Question

randomly sample sequences of fasta file per sample name

0

Entering edit mode

6.6 years ago

nmkn ▴ 10

I have a task that I'm sure has been done before but I can't find a simple solution. Given a fasta file, with multiple sequences per species/individual name, I want to randomly sample one sequence per species/individual. Not each species/individual will always have the same number of sequences.

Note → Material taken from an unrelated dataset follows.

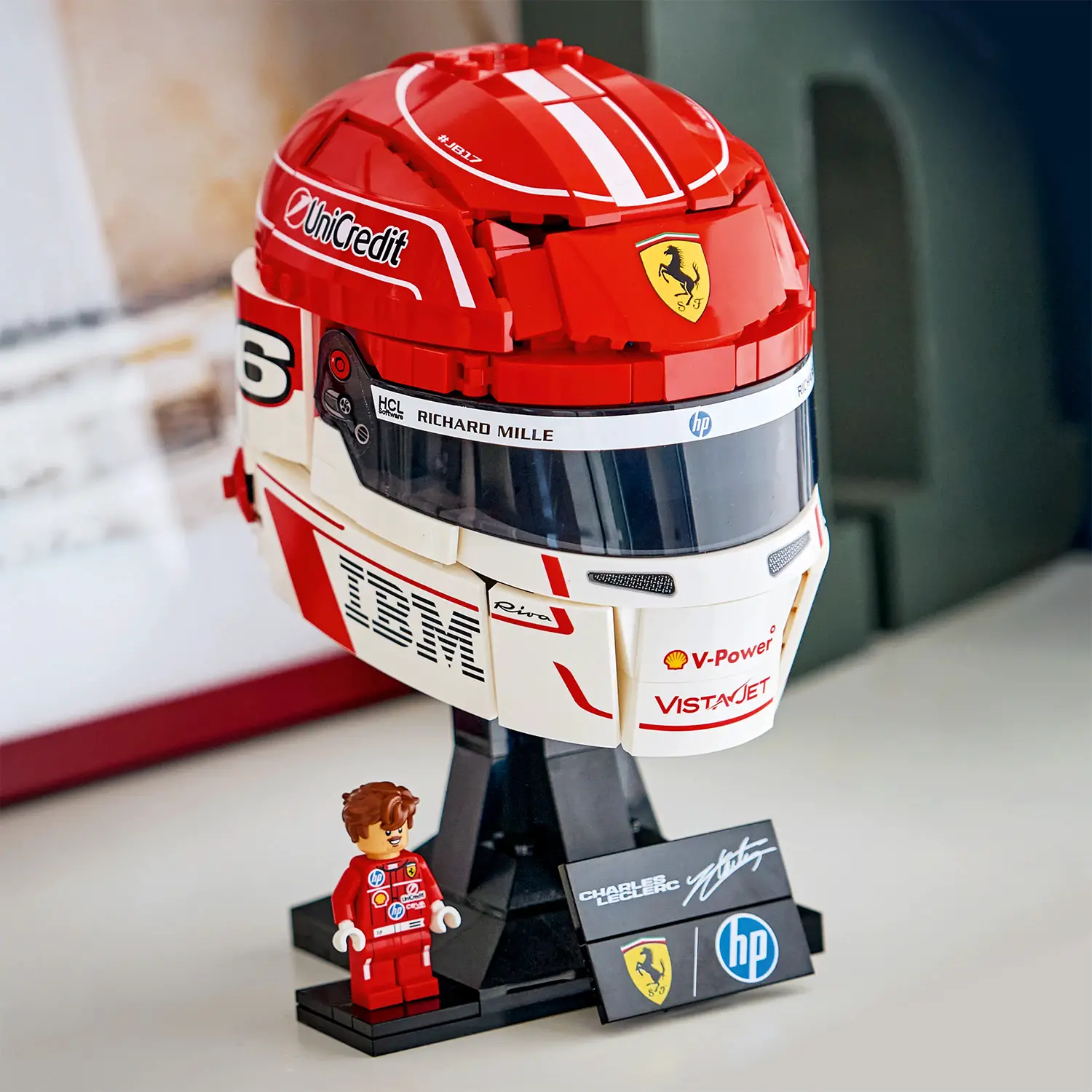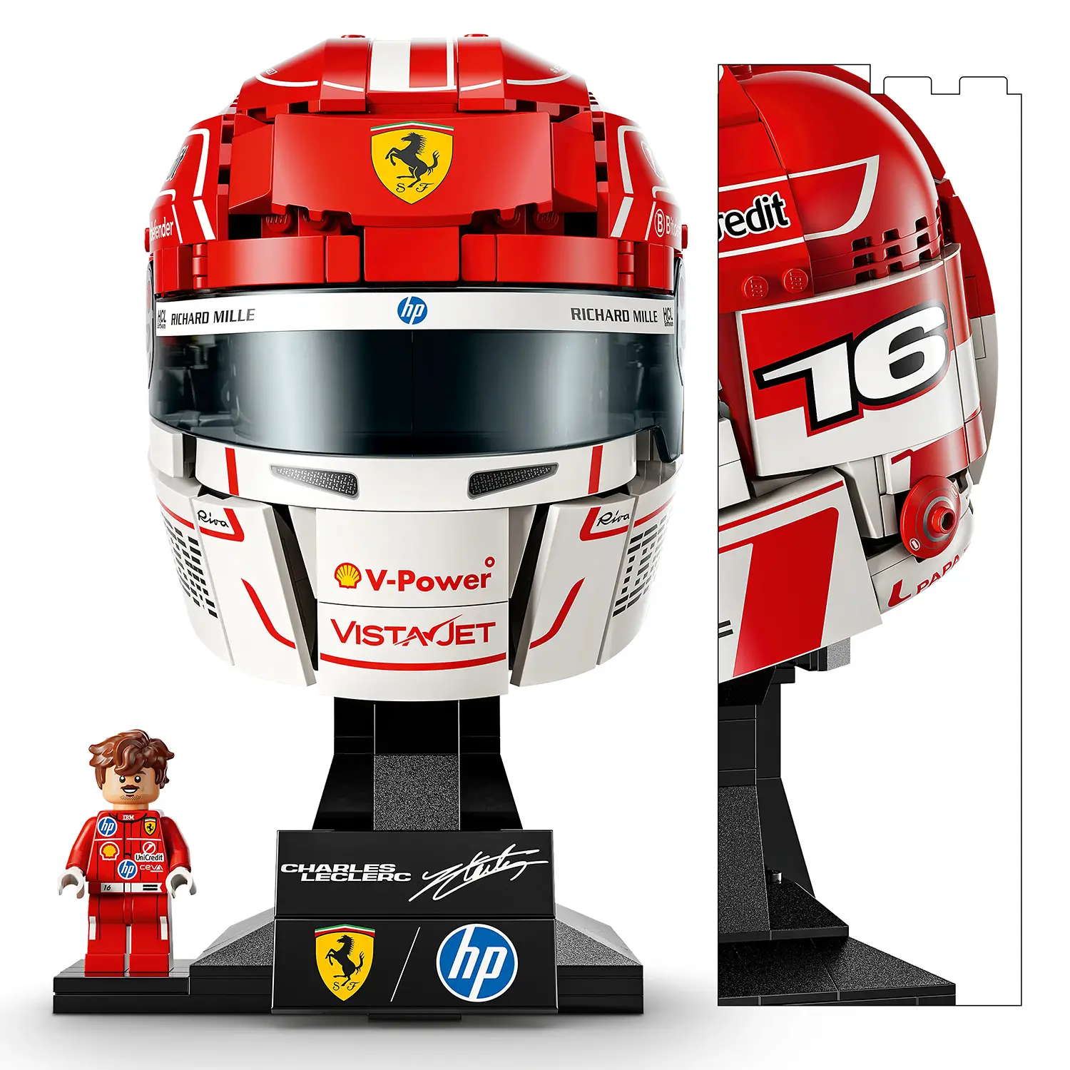 Minifigure esclusiva da collezione Il set include una minifigure dedicata a Charles Leclerc, completa di dettagli autentici. La presenza della targhetta personalizzata con il logo del pilota aggiunge valore al modello, trasformandolo in un vero pezzo da esposizione per collezionisti LEGO e fan della Formula 1.

I've found a few similar posts (https://www.biostars.org/p/18831/), but they randomly sample a subset based on a given percentage. I think I want to do something similar to this post, but that was never fully answered: Help with randomly sampling from a fasta file.

Here's my example:

>SpeciesA.seq0   CCACTTTA......
>SpeciesA.seq1   CCTCTTTA......
>SpeciesA.seq2   CCGCTTTA......
>SpeciesA.seq3   CCACTTTA......
>SpeciesB.seq0   GCCCTTTA......
>SpeciesB.seq1   GCCCTTTA.....
>SpeciesB.seq2   ACCCTTTA.....
>SpeciesB.seq3   GCCCTTTA.....
>SpeciesC.seq0   GCCCTTTA.....
>SpeciesC.seq1   GCCCTTTA.....

I want to randomly select one sequence per species/individual so the output will look like this:

>SpeciesA.seq3   CCACTTTA......
>SpeciesB.seq1   GCCCTTTA.....
>SpeciesC.seq1   GCCCTTTA.....

Ideally, the resulting sequences will be concatenated/pasted into a new file with the same name as the starting input fasta file (which corresponds to a gene name). I only have limited bash experience so help would be greatly appreciated!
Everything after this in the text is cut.